TASK DATA >>
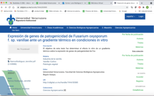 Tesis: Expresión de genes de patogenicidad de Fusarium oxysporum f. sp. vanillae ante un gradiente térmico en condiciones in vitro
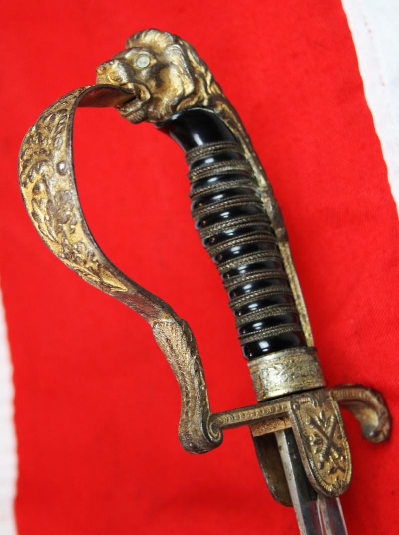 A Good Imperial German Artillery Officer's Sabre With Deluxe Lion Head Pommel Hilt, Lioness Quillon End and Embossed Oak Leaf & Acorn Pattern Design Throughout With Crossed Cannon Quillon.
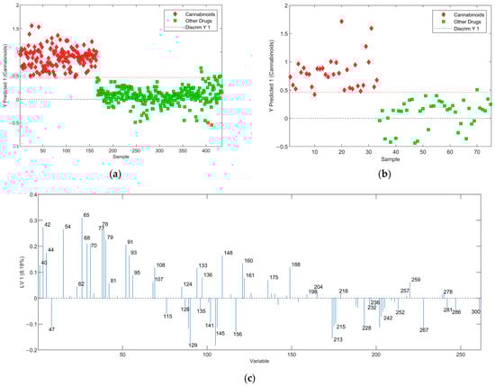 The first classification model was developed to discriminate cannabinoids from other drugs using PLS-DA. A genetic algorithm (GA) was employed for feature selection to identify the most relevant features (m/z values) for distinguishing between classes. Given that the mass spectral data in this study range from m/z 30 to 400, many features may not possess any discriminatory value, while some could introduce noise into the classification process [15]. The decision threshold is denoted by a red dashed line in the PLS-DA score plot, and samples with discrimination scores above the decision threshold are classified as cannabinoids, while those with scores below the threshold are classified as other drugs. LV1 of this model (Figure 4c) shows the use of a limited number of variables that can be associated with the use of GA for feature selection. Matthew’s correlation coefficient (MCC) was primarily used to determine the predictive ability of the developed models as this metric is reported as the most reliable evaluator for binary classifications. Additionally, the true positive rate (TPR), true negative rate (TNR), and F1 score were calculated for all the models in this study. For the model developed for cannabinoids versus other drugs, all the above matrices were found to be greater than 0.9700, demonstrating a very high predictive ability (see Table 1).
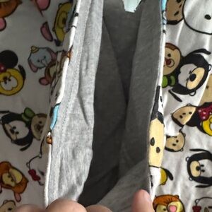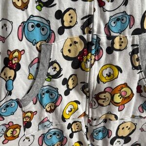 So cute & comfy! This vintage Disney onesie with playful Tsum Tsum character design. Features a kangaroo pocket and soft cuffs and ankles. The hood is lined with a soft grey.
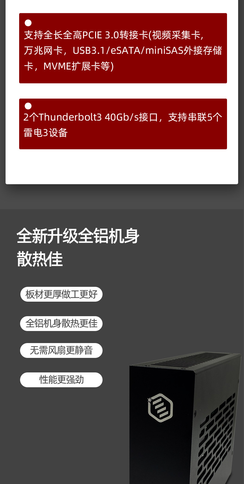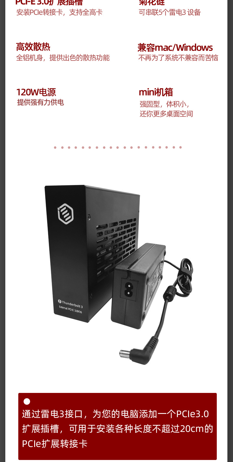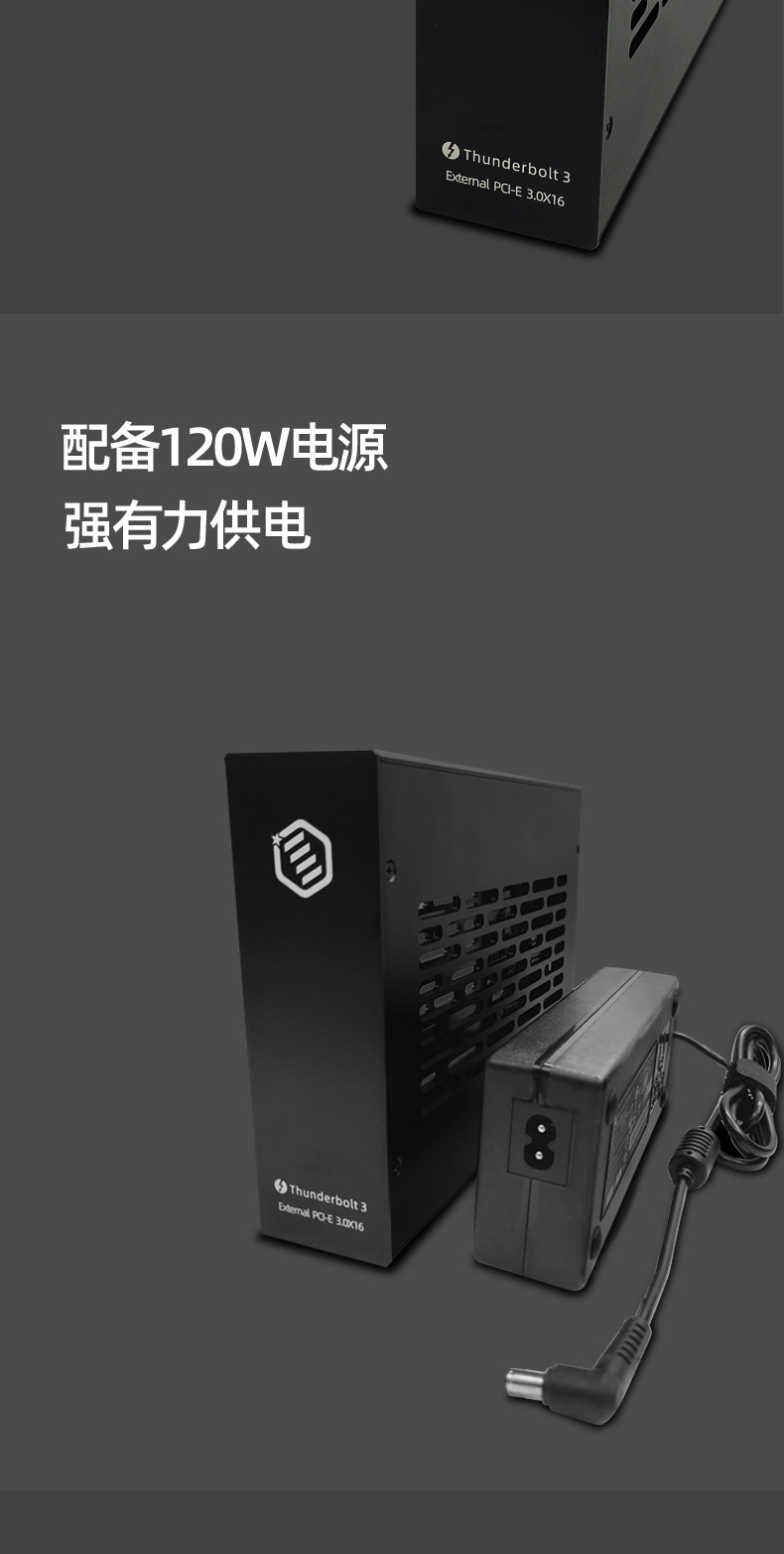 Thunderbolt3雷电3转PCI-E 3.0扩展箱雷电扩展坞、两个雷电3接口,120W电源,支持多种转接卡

WORK INSTRUCTIONS >> Each line of the data above must be repeated exactly, images excluded.

RESULT OF THIS TASK >>
 Tesis: Expresión de genes de patogenicidad de Fusarium oxysporum f. sp. vanillae ante un gradiente térmico en condiciones in vitro
 A Good Imperial German Artillery Officer's Sabre With Deluxe Lion Head Pommel Hilt, Lioness Quillon End and Embossed Oak Leaf & Acorn Pattern Design Throughout With Crossed Cannon Quillon.
 The first classification model was developed to discriminate cannabinoids from other drugs using PLS-DA. A genetic algorithm (GA) was employed for feature selection to identify the most relevant features (m/z values) for distinguishing between classes. Given that the mass spectral data in this study range from m/z 30 to 400, many features may not possess any discriminatory value, while some could introduce noise into the classification process [15]. The decision threshold is denoted by a red dashed line in the PLS-DA score plot, and samples with discrimination scores above the decision threshold are classified as cannabinoids, while those with scores below the threshold are classified as other drugs. LV1 of this model (Figure 4c) shows the use of a limited number of variables that can be associated with the use of GA for feature selection. Matthew’s correlation coefficient (MCC) was primarily used to determine the predictive ability of the developed models as this metric is reported as the most reliable evaluator for binary classifications. Additionally, the true positive rate (TPR), true negative rate (TNR), and F1 score were calculated for all the models in this study. For the model developed for cannabinoids versus other drugs, all the above matrices were found to be greater than 0.9700, demonstrating a very high predictive ability (see Table 1).
 So cute & comfy! This vintage Disney onesie with playful Tsum Tsum character design. Features a kangaroo pocket and soft cuffs and ankles. The hood is lined with a soft grey.
 Thunderbolt3雷电3转PCI-E 3.0扩展箱雷电扩展坞、两个雷电3接口,120W电源,支持多种转接卡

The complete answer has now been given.